Your answer must be the exact lines from the one holding "天台座主二百五十三世 延暦寺 比叡山 收藏" through the last line of the records below, with no pictures.

________________

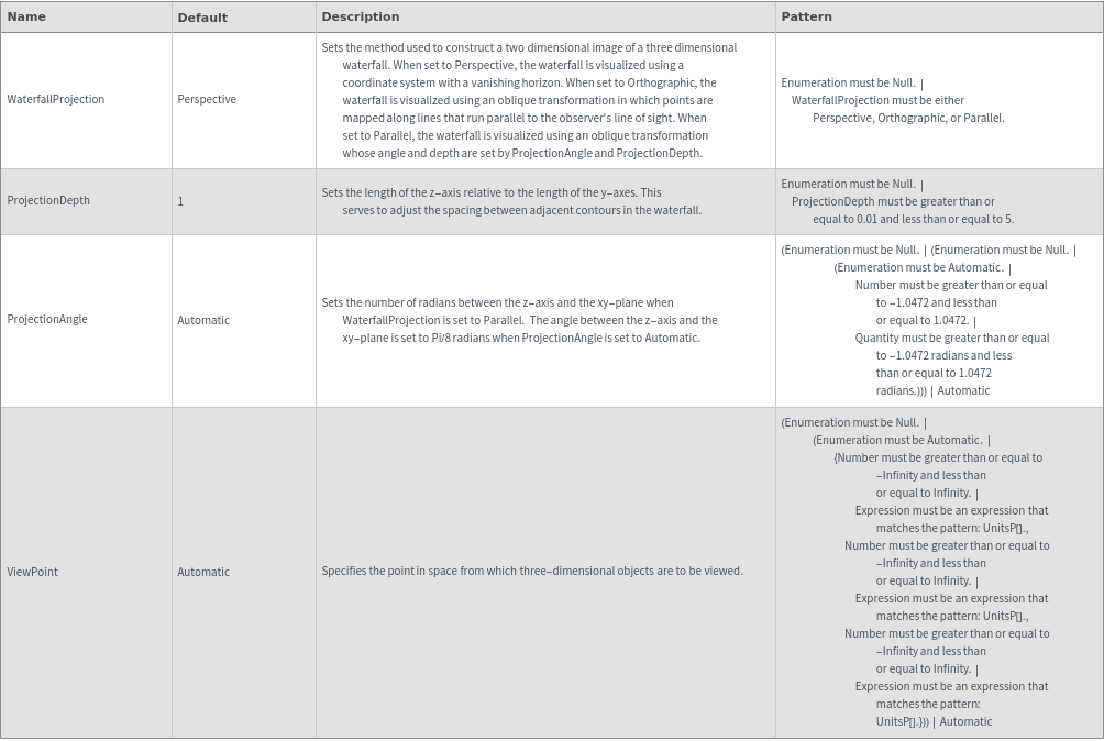 When PlotType is set to WaterfallPlot and WaterfallProjection is set to Parallel, ProjectionAngle sets the angle between the X and Z axes:
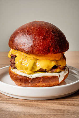 Juicy burger with beef cheddar jalapeos on wood backdrop
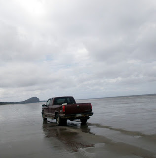 Randy, driving down North Beach to beat the tide.I bounced around with the razor clams in the back.
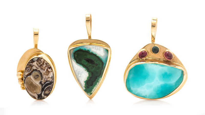consisting of a pendant containing one oval cabochon cut druzy agate, a pendant containing one shield shape buff top hardstone, together with a pendant containing one ovoid hardstone, two oval cabochon cut pink tourmaline and one oval cabochon cut green tourmaline.Stamp: THC 14K.
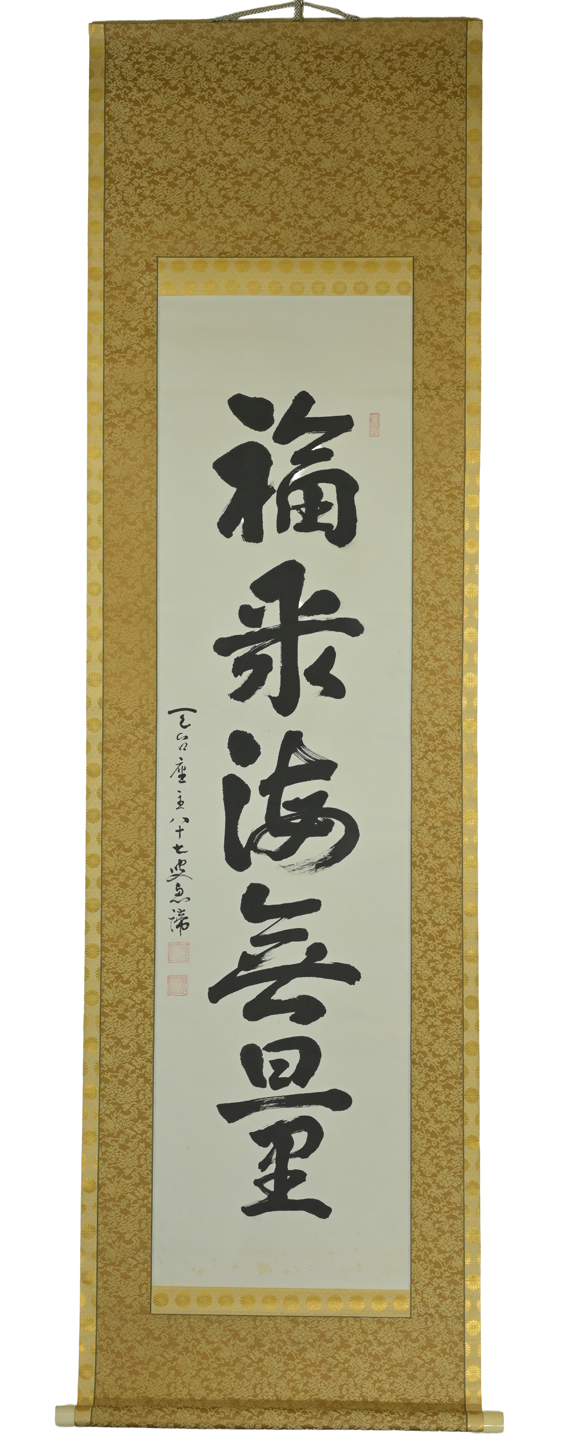 【真作】山田恵諦 一行書 「福聚海無量」掛軸 共箱 八拾七歳 播州清水寺天門落慶記念 天台座主二百五十三世 延暦寺 比叡山 收藏
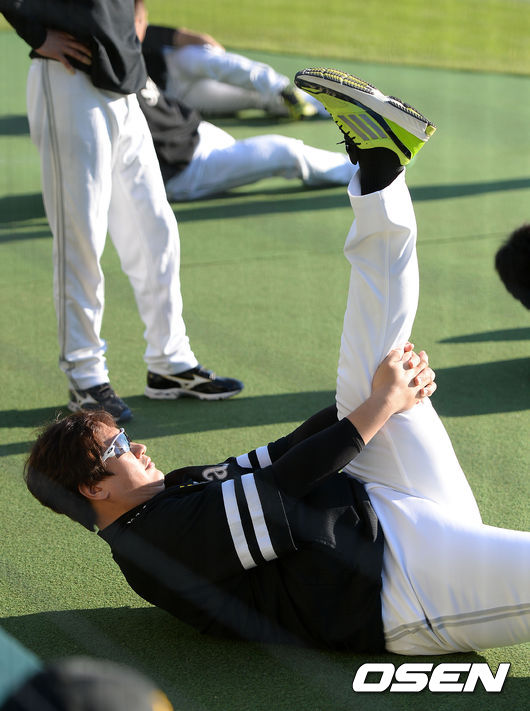 25일 오후 일본 효고현 니시노미야 한신 고시엔 야구장에서 진행될 2014 일본프로야구 일본시리즈 1차전 한신 타이거스와 소프트뱅크 호크스의 경기에 앞서 소프트뱅크 이대호가 훈련을 하고 있다.
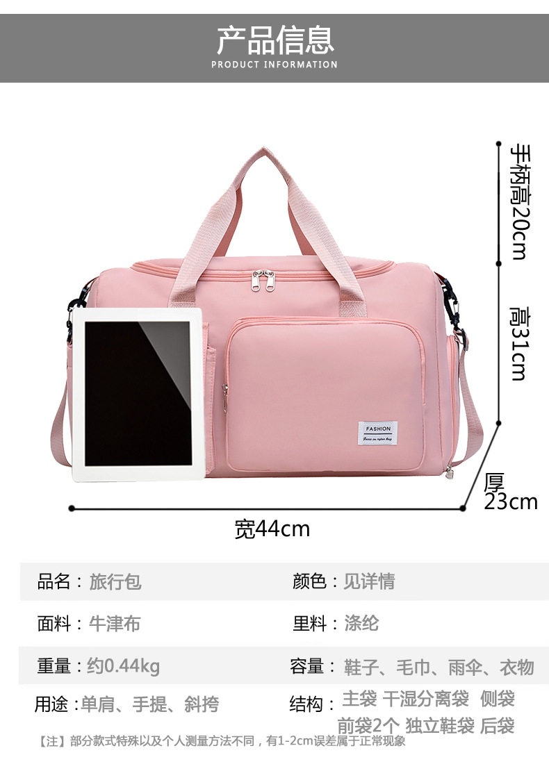 여성용 휴대용 단거리 여행 탑승 가방, 경량 대용량 출장 수납 가방, 여행 가방, 스포츠 피트니스 가방 추가

________________

Final answer ::
 【真作】山田恵諦 一行書 「福聚海無量」掛軸 共箱 八拾七歳 播州清水寺天門落慶記念 天台座主二百五十三世 延暦寺 比叡山 收藏
 25일 오후 일본 효고현 니시노미야 한신 고시엔 야구장에서 진행될 2014 일본프로야구 일본시리즈 1차전 한신 타이거스와 소프트뱅크 호크스의 경기에 앞서 소프트뱅크 이대호가 훈련을 하고 있다.
 여성용 휴대용 단거리 여행 탑승 가방, 경량 대용량 출장 수납 가방, 여행 가방, 스포츠 피트니스 가방 추가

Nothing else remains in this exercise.